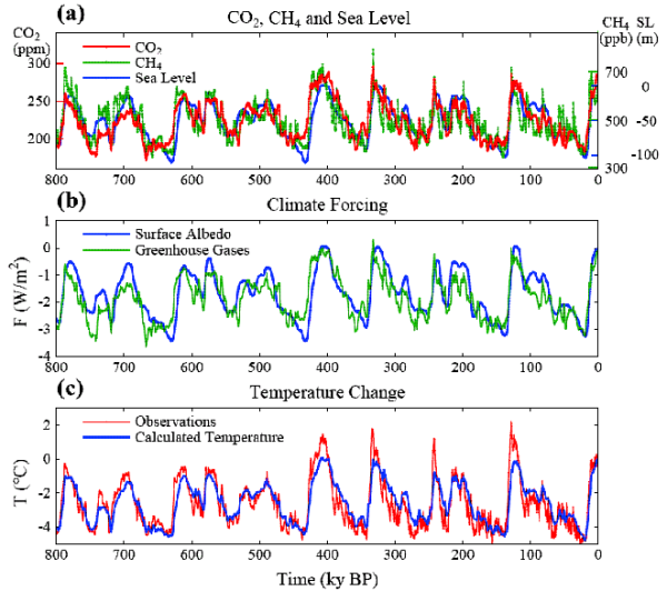 Here’s a more complex graph, I think from one of James Hansen’s publications, going back 800,000 years:
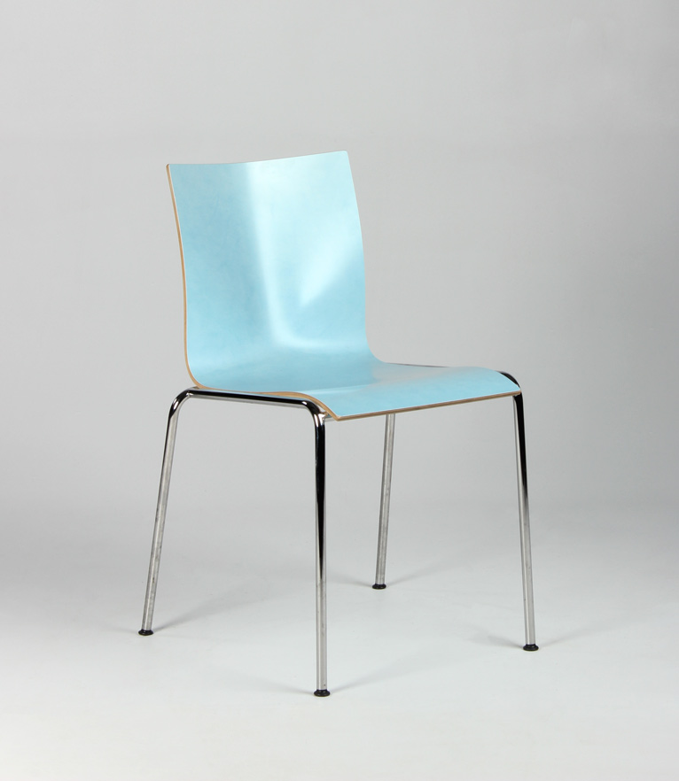 Engelbrechts Chairik 101 konferencestol i lys blå melamin med kant i krydsfinér.
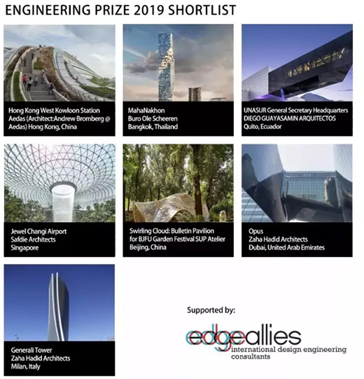 工程設(shè)計(jì)獎(jiǎng)同時(shí)進(jìn)入工程設(shè)計(jì)獎(jiǎng)短名單的有扎哈·哈迪德(Zaha Hadid)事務(wù)所的迪拜奧普斯城市綜合體, 賽福迪(Safdie)事務(wù)所的新加坡星耀樟宜機(jī)場(chǎng)、凱達(dá)建筑事務(wù)所(Aedas) 的香港西九龍火車(chē)站、奧雷·舍人事務(wù)所(Buero Ole Scheeren)的曼谷大都市(MahaNakhon)大廈、迭戈·瓜亞薩明事務(wù)所(Diego Guayasamin Arquitectos)的南美洲國(guó)家聯(lián)盟秘書(shū)處大樓等6個(gè)項(xiàng)目。
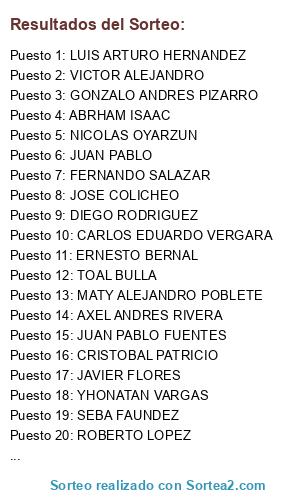 Lista de participantes: YHONATAN VARGAS, SEBASTIAN ALONSO FAUS, ERNESTO BERNAL, FELIPE QUINTEROS, SEBA FAUNDEZ, CARLOS EDUARDO VERGARA, AXEL ANDRES RIVERA, DIEGO RODRIGUEZ, NICOLAS OYARZUN, JAVIER FLORES, NIKOLOKOLINO MORALES, FERNANDO SALAZAR, MATY ALEJANDRO POBLETE, GONZALO ANDRES PIZARRO, JUAN PABLO, TOAL BULLA, CRISTOBAL PATRICIO, VICTOR ALEJANDRO, CHRISTOPER ALEXIS, ROBERTO LOPEZ, JOSE COLICHEO, LUIS ARTURO HERNANDEZ, JUAN PABLO FUENTES, ABRHAM ISAAC.
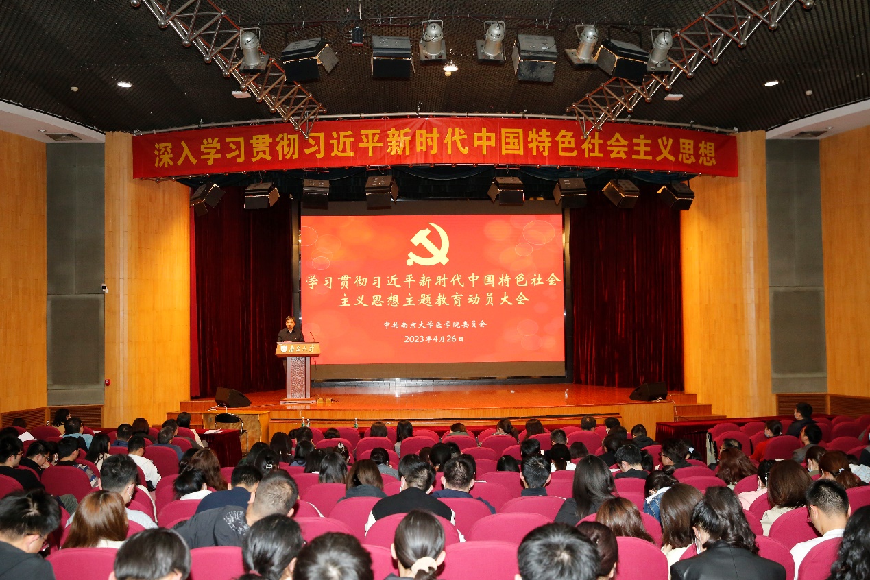 4月26日晚,太阳成城集团tyc234cc古天乐学习贯彻习近平新时代中国特色社会主义思想主题教育动员大会在鼓楼校区科技馆一楼报告厅召开。公司党委书记沈苏南作动员讲话,党委副书记王阿妮作工作布置,太阳成城集团tyc234cc古天乐全体师生党员参会。
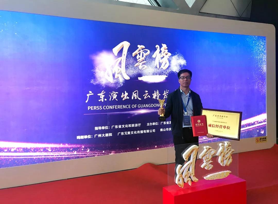 PLA譜萊聲榮獲廣東省演出行業誠信經營單位
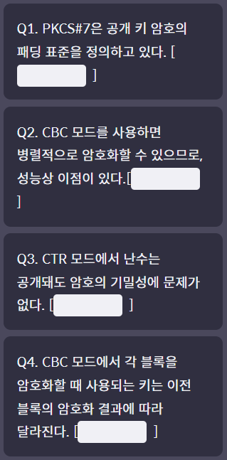 Q4. CBC 모드에서 각 블록을 암호화할 때 사용되는 키는 이전 블록의 암호화 결과에 따라 달라진다. X
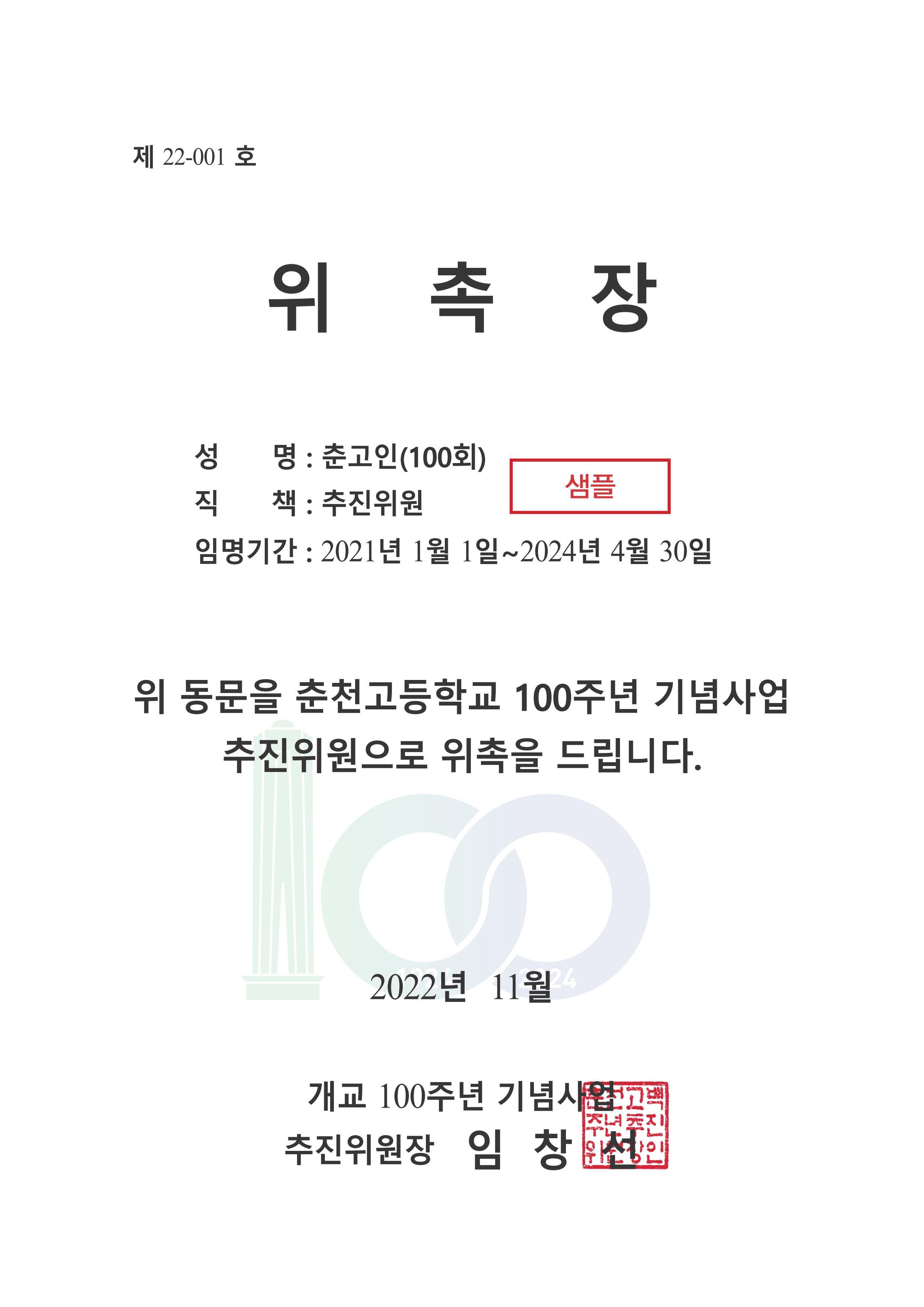 춘천고등학교 100주년 기념사업 추진위원회(위원장 임창선. 43회)는 100주년 추진위원들께 ‘모바일 위촉장’을 제작하여 11월 중순쯤 전달할 예정이다. 약 1,000여 명이 추진위원으로 기금 조성에 참여하고 있고 그중 700여 명의 납부 동문이 위촉장을 받는 대상자이다. 100주년 추진위원들에게는 춘천고 100년사(인쇄본) 무료 발송, 개교 100주년 기념식 우선 초대, 역사관에 성명 기록 등 특전이 주어진다.
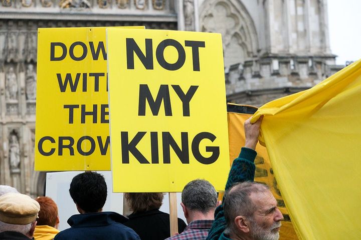 王族方が勢揃いすることが明らかなこの日、ウェストミンスター寺院の前には、プラカードを持った多くの人々が集まり、王族方の到着時にはブーイングも。
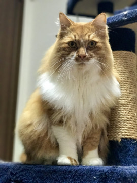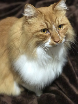 長毛、茶白。足先は白い。右前脚の先が少し茶色い。首輪はなし

▶ _EXERCISE_
Looking at the listing above, which lines run from the one containing "Lista de participantes: YHONATAN" through the one containing "Q4. CBC 모드에서"? Print exactly those, ends included, pictures excluded.

▶ _OUTPUT OF THE TASK_
 Lista de participantes: YHONATAN VARGAS, SEBASTIAN ALONSO FAUS, ERNESTO BERNAL, FELIPE QUINTEROS, SEBA FAUNDEZ, CARLOS EDUARDO VERGARA, AXEL ANDRES RIVERA, DIEGO RODRIGUEZ, NICOLAS OYARZUN, JAVIER FLORES, NIKOLOKOLINO MORALES, FERNANDO SALAZAR, MATY ALEJANDRO POBLETE, GONZALO ANDRES PIZARRO, JUAN PABLO, TOAL BULLA, CRISTOBAL PATRICIO, VICTOR ALEJANDRO, CHRISTOPER ALEXIS, ROBERTO LOPEZ, JOSE COLICHEO, LUIS ARTURO HERNANDEZ, JUAN PABLO FUENTES, ABRHAM ISAAC.
 4月26日晚,太阳成城集团tyc234cc古天乐学习贯彻习近平新时代中国特色社会主义思想主题教育动员大会在鼓楼校区科技馆一楼报告厅召开。公司党委书记沈苏南作动员讲话,党委副书记王阿妮作工作布置,太阳成城集团tyc234cc古天乐全体师生党员参会。
 PLA譜萊聲榮獲廣東省演出行業誠信經營單位
 Q4. CBC 모드에서 각 블록을 암호화할 때 사용되는 키는 이전 블록의 암호화 결과에 따라 달라진다. X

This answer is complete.